Backup HDFS

You can roll back an upgrade from CDP Private Cloud Base 7 to HDP 2. The rollback restores your HDP cluster to the state it was in before the upgrade. This means any change that happened after taking the backups as instructed from points 4 to 7 will be reverted from the HDFS cluster. You must perform additional steps before upgrading your HDP cluster if you have configured the NameNode HA.

  1. If you have configured the NameNode HA, then locate the Active NameNode from Ambari Web > Services > HDFS in the Summary area.
  2. Check the NameNode directory to ensure that there is no snapshot of any prior HDFS upgrade. Specifically, using Ambari Web, browse to Services > HDFS > Configs, and examine the dfs.namenode.name.dir in the NameNode Directories property. Make sure that only a /current directory exists and remove /previous directory on the NameNode host.
  3. Create the following log and other files. The commands below back up additional state from the file system in addition to what fsImage contains. This information can be used to validate the filesystem state after the upgrade by comparing the output before or after the upgrade. This is helpful, but it is not required for troubleshooting any issues that arise during the upgrade.
    1. Run fsck with the following flags and send the results to a log. The resulting file contains a complete block map of the file system. Use this log later to confirm the upgrade.
      hdfs fsck / -files -blocks -locations > dfs-old-fsck-1.log
    2. Create a list of all the DataNodes in the cluster.

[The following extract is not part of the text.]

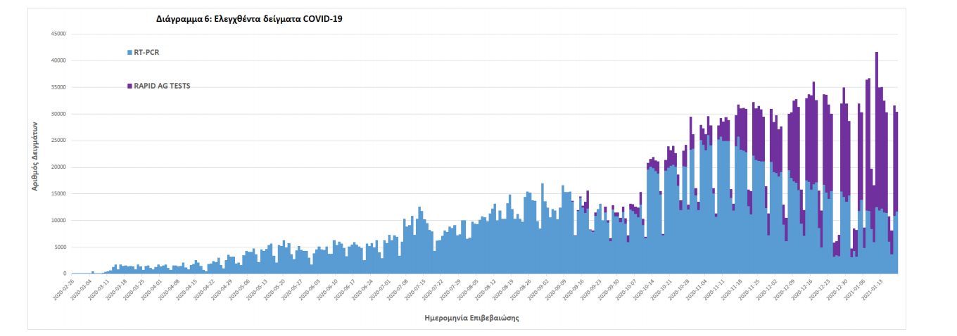 Δείγματα που έχουν ελεγχθεί: Από την 1η Ιανουαρίου 2020 μέχρι σήμερα, στα εργαστήρια που διενεργούν ελέγχους για τον νέο κορωνοϊό (SARS-CoV-2) και που δηλώνουν συστηματικά στον ΕΟΔΥ το σύνολο των δειγμάτων που ελέγχουν, έχουν συνολικά ελεγχθεί 2.989.339 κλινικά δείγματα ενώ από Μονάδες Υγείας και Κλιμάκια του ΕΟΔΥ που διενεργούν ελέγχους Rapid Ag έχουν ελεγχθεί 879.400 δείγματα.

      hdfs dfsadmin -report > dfs-old-report-1.log
    3. Capture the complete namespace of the file system. The following command does a recursive listing of the root file system:
      hdfs dfs -ls -R / > dfs-old-lsr-1.log
    4. Take a backup of the HDFS data to the backup instance of your HDFS, if you have such a system.

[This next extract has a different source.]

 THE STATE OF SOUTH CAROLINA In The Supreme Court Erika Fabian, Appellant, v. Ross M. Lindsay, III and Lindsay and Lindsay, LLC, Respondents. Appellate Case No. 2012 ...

  4. Create a backup from the configuration directory under /etc/hadoop/conf into a backup directory on all of your hosts.
  5. Save the namespace. As the HDFS user, " su -l [HDFS_USER] ", you must put the cluster in Safe Mode.
    hdfs dfsadmin -safemode enter
    hdfs dfsadmin -saveNamespace
  6. Create a backup from the directory located in $[dfs.namenode.name.dir]/ current into a backup directory.
  7. Create a backup from the directory located in $[dfs.journalnode.edits.dir]/current into a backup directory.
  8. As the HDFS user, su -l [HDFS_USER], take the NameNode out of Safe Mode. hdfs dfsadmin -safemode leave
    From this point, you have all the data that might be required to restore HDFS to the state where it was at the time when HDFS entered safe mode.
    A few points to consider regarding the backups:
    • fsck ls, and other command outputs happened before entering safe mode if you went step by step over the guide. The guide initiates safe mode before the commands that require safe mode, however you can enter safe mode earlier.
    • If you come out of safe mode, and leave the cluster running, then you are allowing mutations on the filesystem that are not saved in the backup.